Collected data:
========================================================================
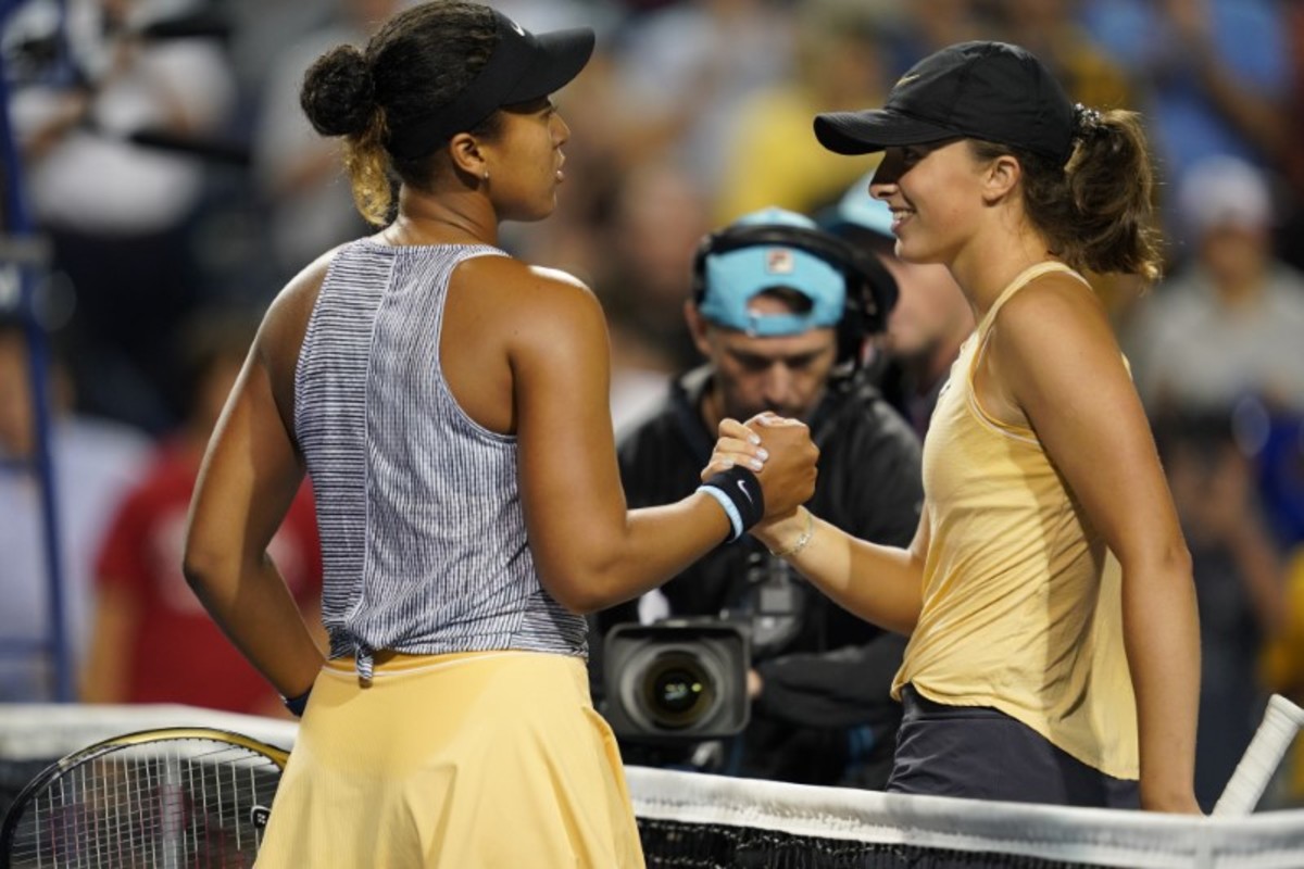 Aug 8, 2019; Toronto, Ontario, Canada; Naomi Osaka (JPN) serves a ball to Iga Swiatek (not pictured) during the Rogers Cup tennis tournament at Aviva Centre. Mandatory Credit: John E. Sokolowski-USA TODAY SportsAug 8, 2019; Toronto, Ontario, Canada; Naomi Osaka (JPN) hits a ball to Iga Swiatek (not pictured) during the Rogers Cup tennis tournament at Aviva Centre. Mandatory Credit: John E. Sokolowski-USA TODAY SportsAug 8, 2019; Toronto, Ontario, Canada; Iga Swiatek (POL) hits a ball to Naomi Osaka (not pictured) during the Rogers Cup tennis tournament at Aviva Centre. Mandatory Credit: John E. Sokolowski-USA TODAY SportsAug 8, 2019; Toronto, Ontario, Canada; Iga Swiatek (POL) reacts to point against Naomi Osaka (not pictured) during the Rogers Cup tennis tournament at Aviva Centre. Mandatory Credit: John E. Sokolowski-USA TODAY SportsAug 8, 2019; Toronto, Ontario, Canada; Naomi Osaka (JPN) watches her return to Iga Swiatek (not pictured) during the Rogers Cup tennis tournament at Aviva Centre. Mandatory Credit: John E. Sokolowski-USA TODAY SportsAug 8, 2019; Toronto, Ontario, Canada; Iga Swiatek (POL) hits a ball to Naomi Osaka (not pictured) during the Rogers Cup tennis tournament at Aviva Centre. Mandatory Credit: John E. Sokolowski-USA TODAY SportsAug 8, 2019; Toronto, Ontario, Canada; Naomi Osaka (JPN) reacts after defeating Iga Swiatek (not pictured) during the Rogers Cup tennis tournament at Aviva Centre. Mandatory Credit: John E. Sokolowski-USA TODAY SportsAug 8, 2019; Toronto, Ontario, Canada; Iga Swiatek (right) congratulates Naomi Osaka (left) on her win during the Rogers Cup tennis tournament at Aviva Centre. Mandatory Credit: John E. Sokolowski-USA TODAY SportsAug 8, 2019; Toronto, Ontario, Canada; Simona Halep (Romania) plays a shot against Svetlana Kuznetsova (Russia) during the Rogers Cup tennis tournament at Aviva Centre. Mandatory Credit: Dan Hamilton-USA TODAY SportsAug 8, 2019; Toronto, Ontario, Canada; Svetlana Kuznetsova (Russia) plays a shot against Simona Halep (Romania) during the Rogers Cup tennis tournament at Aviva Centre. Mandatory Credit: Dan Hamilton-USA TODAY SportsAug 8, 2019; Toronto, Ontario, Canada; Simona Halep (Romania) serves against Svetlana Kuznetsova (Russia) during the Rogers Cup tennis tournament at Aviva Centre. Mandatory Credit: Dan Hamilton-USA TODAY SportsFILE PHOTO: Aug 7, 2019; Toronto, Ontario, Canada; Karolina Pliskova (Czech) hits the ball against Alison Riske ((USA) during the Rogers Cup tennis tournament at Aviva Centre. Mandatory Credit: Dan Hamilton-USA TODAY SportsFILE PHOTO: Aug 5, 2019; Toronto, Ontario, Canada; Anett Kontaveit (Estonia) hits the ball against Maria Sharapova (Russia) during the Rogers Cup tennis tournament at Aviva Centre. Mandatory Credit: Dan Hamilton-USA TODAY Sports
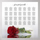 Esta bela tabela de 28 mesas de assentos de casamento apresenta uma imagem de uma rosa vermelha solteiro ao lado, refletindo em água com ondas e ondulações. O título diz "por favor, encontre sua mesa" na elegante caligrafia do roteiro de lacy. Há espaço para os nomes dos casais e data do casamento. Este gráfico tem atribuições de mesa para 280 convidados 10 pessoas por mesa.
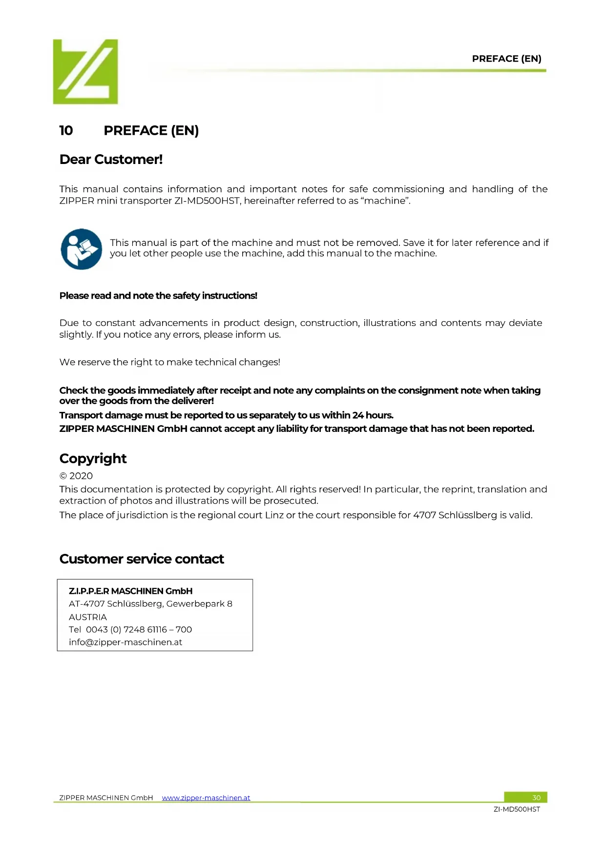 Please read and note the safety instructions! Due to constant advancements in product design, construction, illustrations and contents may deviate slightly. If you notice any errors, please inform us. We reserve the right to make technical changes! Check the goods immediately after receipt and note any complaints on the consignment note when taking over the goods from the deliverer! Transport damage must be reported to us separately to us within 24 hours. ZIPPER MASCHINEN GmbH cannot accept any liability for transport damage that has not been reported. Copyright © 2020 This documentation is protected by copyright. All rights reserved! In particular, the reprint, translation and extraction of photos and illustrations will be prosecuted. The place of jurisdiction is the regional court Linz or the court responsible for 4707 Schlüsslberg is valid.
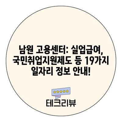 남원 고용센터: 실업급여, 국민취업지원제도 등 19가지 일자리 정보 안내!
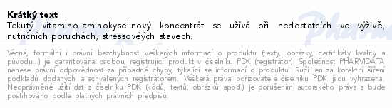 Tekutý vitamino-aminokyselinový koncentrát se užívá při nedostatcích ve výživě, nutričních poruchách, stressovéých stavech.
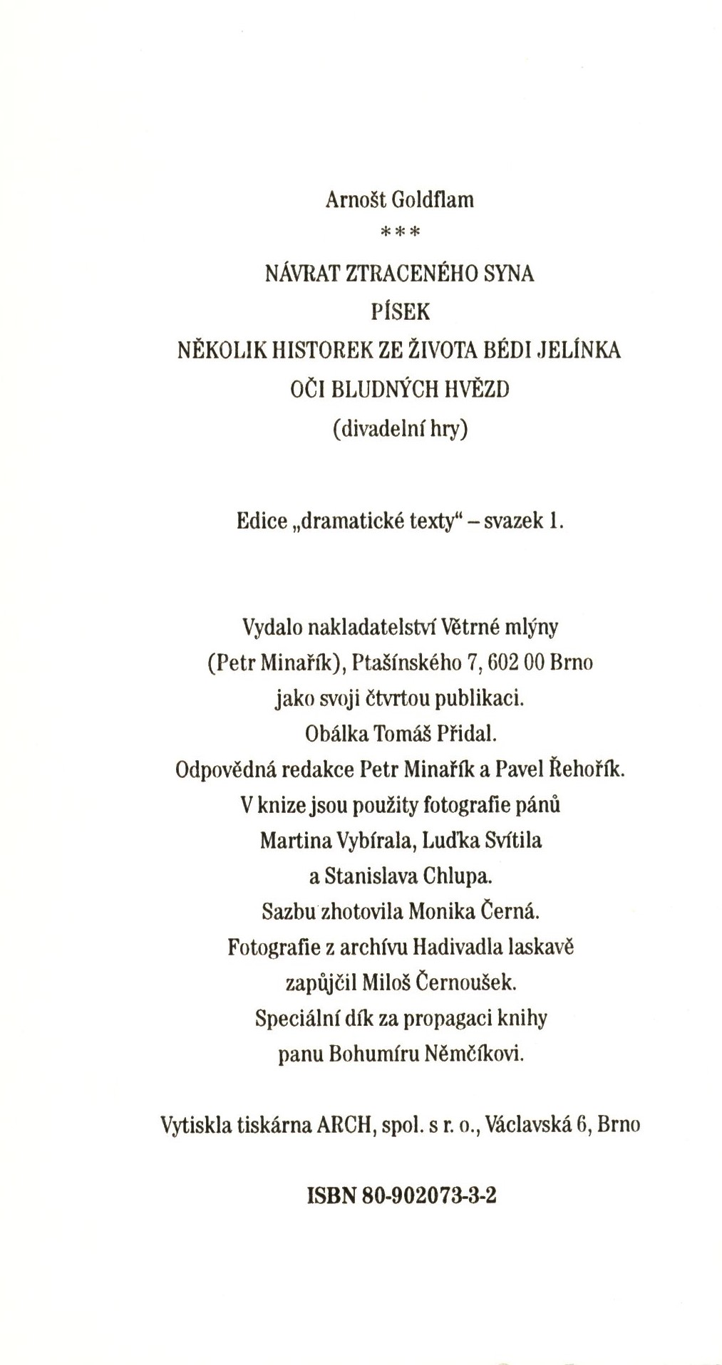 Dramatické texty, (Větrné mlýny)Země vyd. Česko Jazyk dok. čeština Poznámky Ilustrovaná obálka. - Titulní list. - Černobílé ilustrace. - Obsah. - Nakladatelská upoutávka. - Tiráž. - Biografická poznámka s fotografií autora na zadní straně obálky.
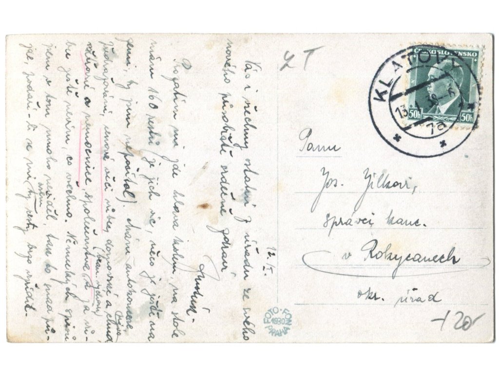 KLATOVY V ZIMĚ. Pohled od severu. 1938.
========================================================================
## To do
All that is wanted is an exact copy of the lines from the line bearing "남원 고용센터: 실업급여, 국민취업지원제도 등 19가지 일자리 정보 안내!" through the final line of the entries, including both ends but no pictures.

## Answer for the task
 남원 고용센터: 실업급여, 국민취업지원제도 등 19가지 일자리 정보 안내!
 Tekutý vitamino-aminokyselinový koncentrát se užívá při nedostatcích ve výživě, nutričních poruchách, stressovéých stavech.
 Dramatické texty, (Větrné mlýny)Země vyd. Česko Jazyk dok. čeština Poznámky Ilustrovaná obálka. - Titulní list. - Černobílé ilustrace. - Obsah. - Nakladatelská upoutávka. - Tiráž. - Biografická poznámka s fotografií autora na zadní straně obálky.
 KLATOVY V ZIMĚ. Pohled od severu. 1938.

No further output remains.